If I send one file, then I give logstash time to parse this file, when it is finish I send one back etc.., so it goes very well ...

... BUT when I send all the files at once, it mixes brushes with my fields DATE_BATCH and NOM_BATCH and the results are not coherent at all ...
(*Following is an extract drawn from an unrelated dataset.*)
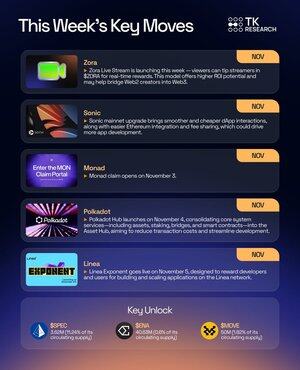 🔑 Eventos clave de esta semana 1️⃣ @zora | Zora Live Stream se lanzará esta semana, > los espectadores pueden dar propina a los streamers en $ZORA para obtener recompensas en tiempo real. Este modelo ofrece un mayor potencial de retorno de la inversión y puede ayudar a los creadores de Web2 a conectar la Web3 2️⃣ @SonicLabs | La actualización de la red principal de Sonic brinda interacciones de dApp más fluidas y baratas, junto con una integración más fácil de Ethereum y el reparto de tarifas, lo que podría impulsar un mayor desarrollo de aplicaciones 3️⃣ @monad | El reclamo de Monad se abre hoy 4️⃣ @Polkadot | Polkadot Hub tiene como objetivo reducir los costos de transacción y agilizar el desarrollo 5️⃣ @LineaBuild | Linea Exponent se lanzará el 5 de noviembre, diseñado para recompensar a los desarrolladores y usuarios por crear y escalar aplicaciones en la red Linea 🔓 Desbloqueos de tokens de clave 1️⃣ $SPEC: 3,62 millones (~11,24% de su suministro circulante) 2️⃣ $ENA: 40,63 millones (~0,6% de su suministro circulante) 3️⃣ $MOVE: 50 millones (~1,82% de su suministro circulante)
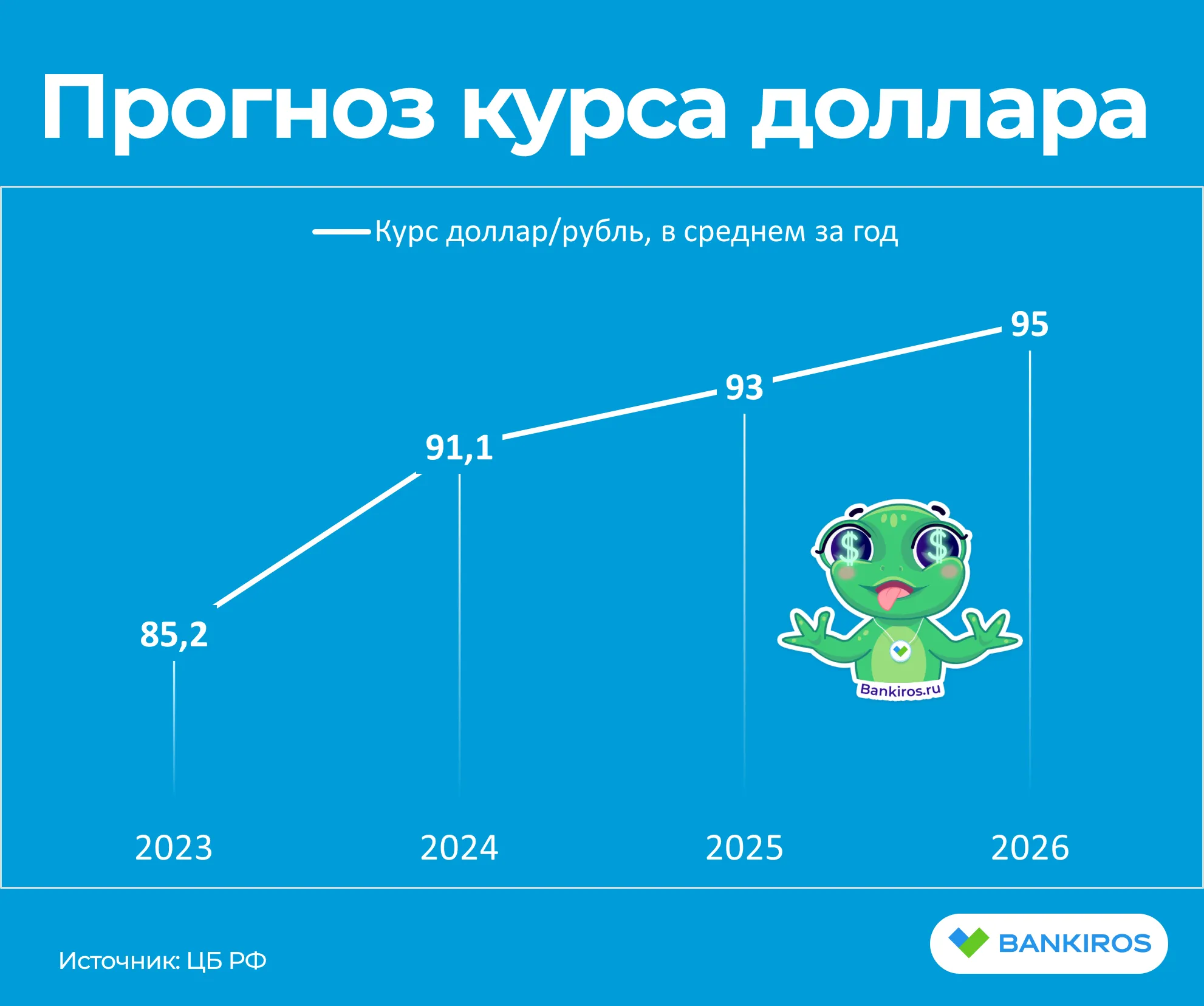 - Доллар в 2024 году будет в среднем стоить 91,1 рубля, а к 2026 году вырастет до 95 рублей.

Is it possible to put pause times between each file reading? Or but each files in queue

For exemple now in my filebeat log I have :

|2018-06-22T15:23:55.804+0200|INFO|log/harvester.go:216|Harvester started for file: C:\Users\busy\Desktop\bic\trie-2391460397.log|
|---|---|---|---|
|2018-06-22T15:23:55.805+0200|INFO|log/harvester.go:216|Harvester started for file: C:\Users\busy\Desktop\bic\trie-279990785.log|
|2018-06-22T15:23:55.806+0200|INFO|log/harvester.go:216|Harvester started for file: C:\Users\busy\Desktop\bic\trie-3654726275.log|
|2018-06-22T15:23:55.806+0200|INFO|log/harvester.go:216|Harvester started for file: C:\Users\busy\Desktop\bic\trie-400042090.log|
|2018-06-22T15:23:55.811+0200|INFO|log/harvester.go:216|Harvester started for file: C:\Users\busy\Desktop\bic\trie-1850010684.log|
|2018-06-22T15:23:55.812+0200|INFO|log/harvester.go:216|Harvester started for file: C:\Users\busy\Desktop\bic\trie-1929394145.log|
|2018-06-22T15:23:55.815+0200|INFO|log/harvester.go:216|Harvester started for file: C:\Users\busy\Desktop\bic\trie-384824503.log|
|2018-06-22T15:23:55.818+0200|INFO|log/harvester.go:216|Harvester started for file: C:\Users\busy\Desktop\bic\trie-2854993123.log|
|2018-06-22T15:23:55.819+0200|INFO|log/harvester.go:239|End of file reached: C:\Users\busy\Desktop\bic\trie-279990785.log. Closing because close_eof is enabled.|
|2018-06-22T15:23:55.821+0200|INFO|log/harvester.go:216|Harvester started for file: C:\Users\busy\Desktop\bic\trie-3489823606.log|
|2018-06-22T15:23:55.824+0200|INFO|log/harvester.go:239|End of file reached: C:\Users\busy\Desktop\bic\trie-2854993123.log. Closing because close_eof is enabled.|
|2018-06-22T15:23:55.826+0200|INFO|log/harvester.go:239|End of file reached: C:\Users\busy\Desktop\bic\trie-3489823606.log. Closing because close_eof is enabled.|
|2018-06-22T15:23:55.864+0200|INFO|log/harvester.go:239|End of file reached: C:\Users\busy\Desktop\bic\trie-1929394145.log. Closing because close_eof is enabled.|
|2018-06-22T15:23:55.865+0200|INFO|log/harvester.go:239|End of file reached: C:\Users\busy\Desktop\bic\trie-2391460397.log. Closing because close_eof is enabled.|
|2018-06-22T15:23:55.865+0200|INFO|log/harvester.go:239|End of file reached: C:\Users\busy\Desktop\bic\trie-3654726275.log. Closing because close_eof is enabled.|
|2018-06-22T15:23:55.865+0200|INFO|log/harvester.go:239|End of file reached: C:\Users\busy\Desktop\bic\trie-1850010684.log. Closing because close_eof is enabled.|
|2018-06-22T15:23:55.865+0200|INFO|log/harvester.go:239|End of file reached: C:\Users\busy\Desktop\bic\trie-400042090.log. Closing because close_eof is enabled.|
|2018-06-22T15:23:55.865+0200|INFO|log/harvester.go:239|End of file reached: C:\Users\busy\Desktop\bic\trie-384824503.log. Closing because close_eof is enabled.|

And my I would have :

2018-06-22T15:23:55.804+0200	INFO	log/harvester.go:216	Harvester started for file: C:\Users\busy\Desktop\bic\trie-2391460397.log
2018-06-22T15:23:55.865+0200	INFO	log/harvester.go:239	End of file reached: C:\Users\busy\Desktop\bic\trie-2391460397.log. Closing because close_eof is enabled.
#GO TO ElasticSearch
2018-06-22T15:23:55.805+0200	INFO	log/harvester.go:216	Harvester started for file: C:\Users\busy\Desktop\bic\trie-279990785.log
2018-06-22T15:23:55.819+0200	INFO	log/harvester.go:239	End of file reached: C:\Users\busy\Desktop\bic\trie-279990785.log. Closing because close_eof is enabled.
#GO TO ElasticSearch
...

Steffens on Filebeat section Has solved my problem

This topic was automatically closed 28 days after the last reply. New replies are no longer allowed.